Streetsboro Lab Prepares for Medical Marijuana Inspection

Dec 13, 2018
Originally published on December 14, 2018 3:25 pm

An environmental laboratory in Streetsboro is hoping to pass an inspection next week that will allow it to test medical marijuana.

Department of Commerce and State inspectors will visit North Coast Environmental Laboratory on December 19.

Spokesperson Joe Moorhead said the inspectors will be searching for everything the lab put in its application. If they fail, the lab can potentially lose its ability to achieve a medical marijuana license.  

“They awarded us a license based on the narrative and what we specified we’d be doing through security and even operations on our application. And their job is to come and make sure that down to the letter, we did everything we said on our application and made it operational in our facility.”

Moorhead said the lab’s security includes armored vehicles and night vision cameras.

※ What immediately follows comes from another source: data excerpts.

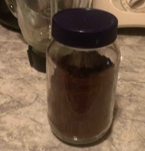 La dejamos enfriar y procesamos, si usted es de los afortunados que cuenta con un molinillo para café, adelante, sino, haga como yo y utilice la licuadora
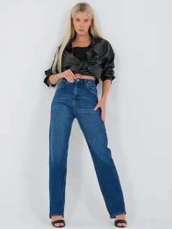 Джинсы женские широкие трубы прямые с высокой посадкой
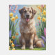 A cheerful dog sits peacefully on lush green grass, surrounded by colourful spring blooms under a soft blue sky. This digital oil painting captures a serene moment with expressive brushstrokes, warm colours, and a sense of gentle joy.
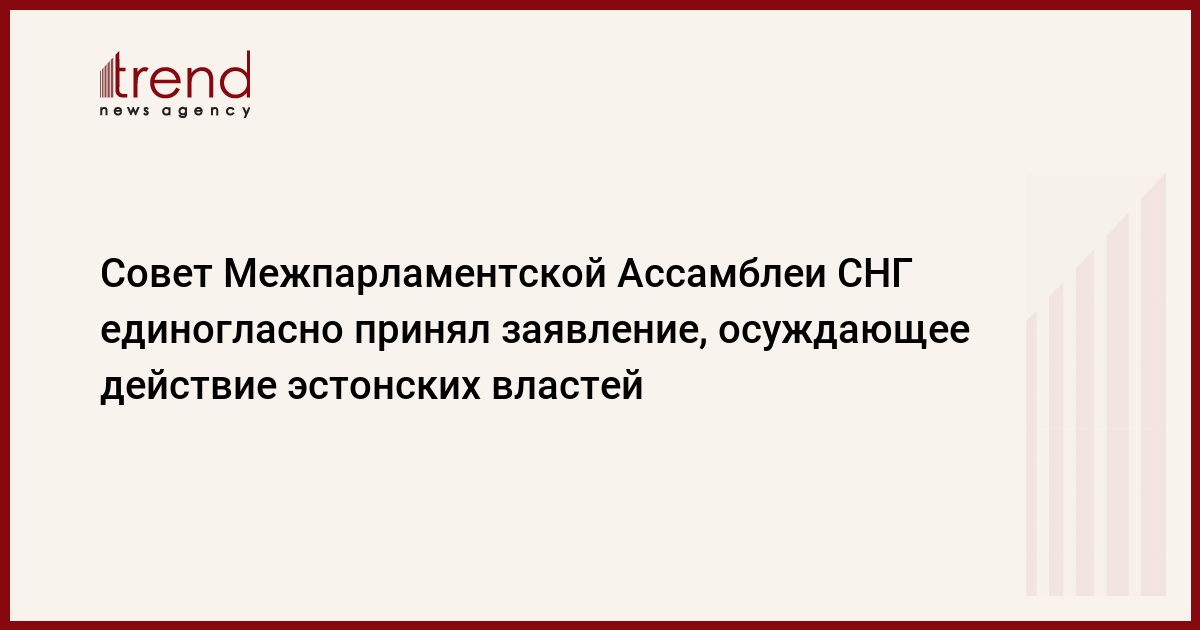 Действия эстонских властей являются "беспрецедентным актом вандализма". Об этом говорится в принятом единогласно сегодня Советом Межпарламентской Ассамблеи СНГ заявлении "О действиях властей Эстонской Республики по демонтажу памятника Воину-освободителю и перезахоронению праха советских воинов, павших в боях за освобождение Таллина от фашисткой оккупации".
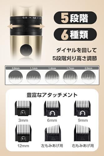 • 【5段階刈り高さ調節&6種類ガイドコーム】Happilaffバリカンにはダイヤル式で0.8-1.1-1.4-1.7-2.0mmまで0.3mmずつの5段階刈り高さ調節可能で、左右に回れば簡単に調整でき、設定した刈り高さ以下に切り過ぎません。さらに、3、6、9、12mm、左耳&右耳周りコームの6種類アタッチメントを付属して表面のぼかし髪量の調整ができ、簡単に思い通りのヘアスタイルを仕上げる。※このバリカンは最短で0.8 mmでの散髪でき、坊主頭や髭剃りには使用できませんのでご了承ください。
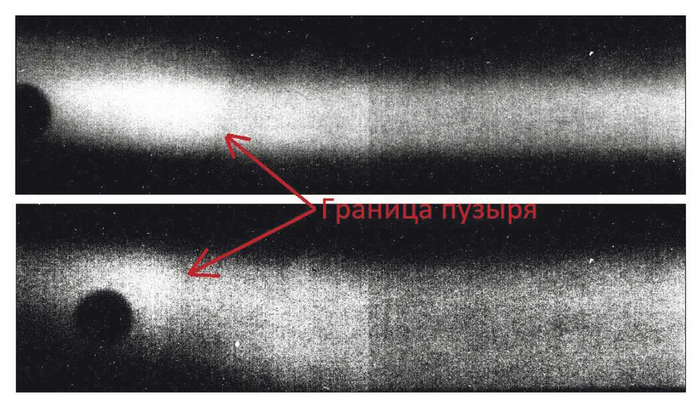 Рис. 7. Протонно-радиографические изображения расплава серы в различные моменты времени. Стрелками обозначены граница пузыря
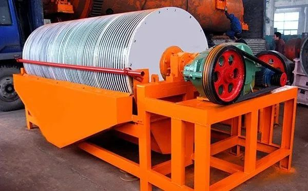 由于原料中所含的赤铁矿、褐铁矿和黑云母等矿物具有弱磁性,利用湿式强磁选机在磁场强度为8×105A/m(安培/米)以上时可选出;而对含杂以磁铁矿为主的强磁性矿物,则采用弱磁选机或中磁选机进行选别。为进一步去除其他少量的弱磁性矿物(如角闪石、辉石以及磁性矿物与石英的连生体)时,可再采用磁场强度大于12000高斯的高梯度磁选机进行二级磁选。
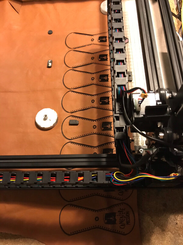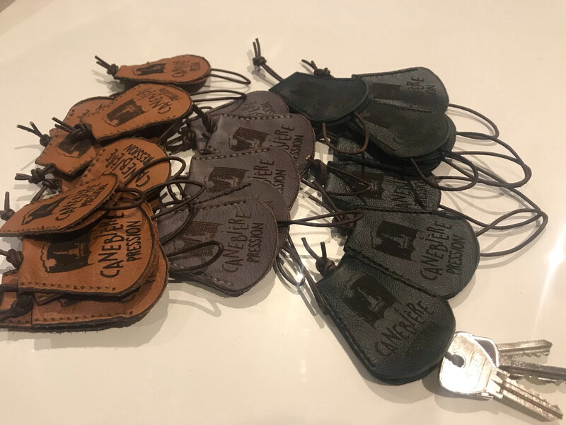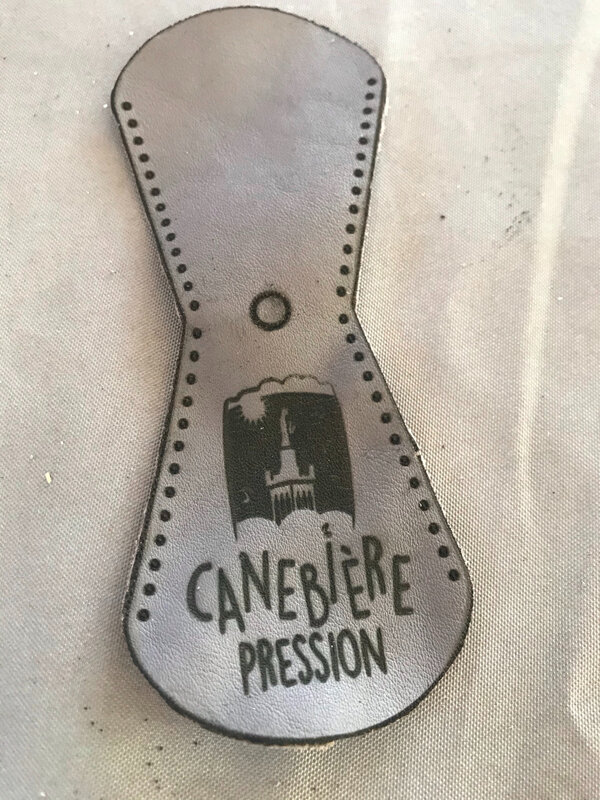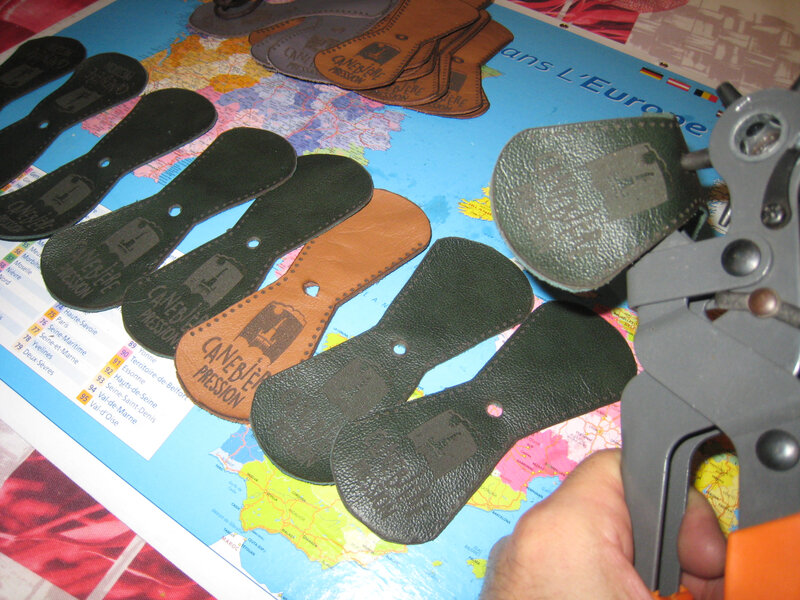 Tous les ans j’essaye de faire un petit cadeau aux musiciens de la fanfare. cette année j’ai eu idée de profiter de la graveuse laser de Jérémie pour faire un porte clé en cuir gravé du logo de la fanfare. Sur le cuir vert le logo est peu visible, j’ai gardé un des verts pour moi. sur le marron ou le gris, le logo est bien visible.

The armored vehicles are necessary to transport large amounts of money in addition to the cannabis, which Ohio classifies as a Schedule One substance. 

"Schedule One in the federal government's eyes is a substance that doesn't have any medicinal properties, and is harmful to humans," Moorhead said. 

He said North Coast Environmental Laboratory is responsible for testing the product before it is released to patients or enters dispensaries. They will be testing for pesticides, heavy metals, fungacides, micatoxins, water activity, moisture content, and more. All of which ensures the quality of the product. 

The company has already begun scouting growers in Ohio.  

"Our reasoning for visits was to obviously get to know our customers, but also to get to see their production facilities," Moorhead said. 

North Coast Enviromental Laboratory is looking at level one and level two cultivators. Level one cultivators can grow up to 25,000 square feet of cannibis, or 75,000 square feet if the demand is there. A level two cultivator can grow up to 3,000 square feet of cannibis, or 9,000 square feet if there is demand. 

Moorhead does not believe this is a step toward legalizing marijuana in Ohio. 

"Because of this being a regulated state, there are huge restrictions in what the actual plant has to pass before it can be released to patients," he said.

Editor's Note: This story originally reported that level one cultivators could grow up to 21,000 square feet of cannibis. According to the Ohio Department of Commerce, that number is 25,000 square feet. The state would have to approve any expansion beyond the initial amount for level one and level two cultivators.